Asy Syabab Serang Penjara Pusat Somalia, Militer Klaim Pelaku Penyerangan Tewas Semua

Hanoum
Selasa, 7 Oktober 2025 / 16 Rabiulakhir 1447 07:04
Asy Syabab Serang Penjara Pusat Somalia, Militer Klaim Pelaku Penyerangan Tewas Semua
Militan Asy Syabaab menaiki Jeep sebelum menyerang Penjara Pusat Somalia. [Foto: Somali National Television]

MOGADISHU (Arrahmah.id) -- Kelompok militan Asy Syabab pada hari Ahad (5/10/2025) melancarkan serangan besar yang menargetkan Penjara Pusat di Mogadishu, ibu kota Somalia. Pemerintah federal Somalia mengonfirmasi bahwa serangan tersebut berhasil digagalkan dan seluruh militan yang terlibat tewas.

Menurut laporan dari pejabat keamanan dan saksi mata, serangan dimulai dengan ledakan bom bunuh diri menggunakan sebuah mobil yang menabrak gerbang utama penjara. Ledakan dahsyat tersebut membuka jalan bagi sejumlah pria bersenjata untuk mencoba menyerbu masuk ke dalam fasilitas penjara.

Baku tembak sengit segera terjadi antara para penyerang dengan penjaga penjara dan pasukan keamanan Somalia yang dengan cepat merespons insiden tersebut.

Menteri Informasi Somalia, Daud Aweis, dalam sebuah pernyataan resmi menegaskan bahwa situasi telah berhasil dikendalikan.

"Pasukan keamanan pemberani kami telah berhasil menggagalkan serangan teroris di Penjara Pusat Mogadishu," kata Aweis, dikutip dari CNBC (6/10). "Semua teroris yang terlibat dalam serangan itu telah dinetralkan."

Pemerintah belum merilis jumlah pasti penyerang yang tewas atau memberikan rincian mengenai kemungkinan korban dari pihak pasukan keamanan.

Penjara Pusat Mogadishu dikenal sebagai fasilitas yang menahan banyak anggota tingkat tinggi Asy Syabab dan militan lain yang telah divonis bersalah.

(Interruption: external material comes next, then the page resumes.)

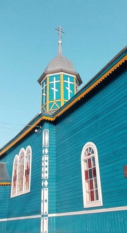 Фотография позволяет детально рассмотреть уникальный внешний облик святого места. Деревянный храм, окрашенный в благолепный синий цвет, символизирующий небесную чистоту и Богородицу, гармонично сочетается с ослепительно белыми декоративными элементами и обрамлениями арочных окон. Под свесом кровли чётко виден декоративный пояс, выполненный в жёлтых тонах, что добавляет сооружению торжественности и света.

Upaya penyerbuan penjara untuk membebaskan anggota mereka merupakan taktik yang telah berulang kali digunakan oleh kelompok yang berafiliasi dengan Al-Qaeda tersebut.

Insiden ini sekali lagi menyoroti tantangan keamanan yang terus dihadapi pemerintah Somalia dalam perangnya melawan Asy Syabab, yang telah berlangsung selama lebih dari satu dekade. (hanoum/arrahmah.id)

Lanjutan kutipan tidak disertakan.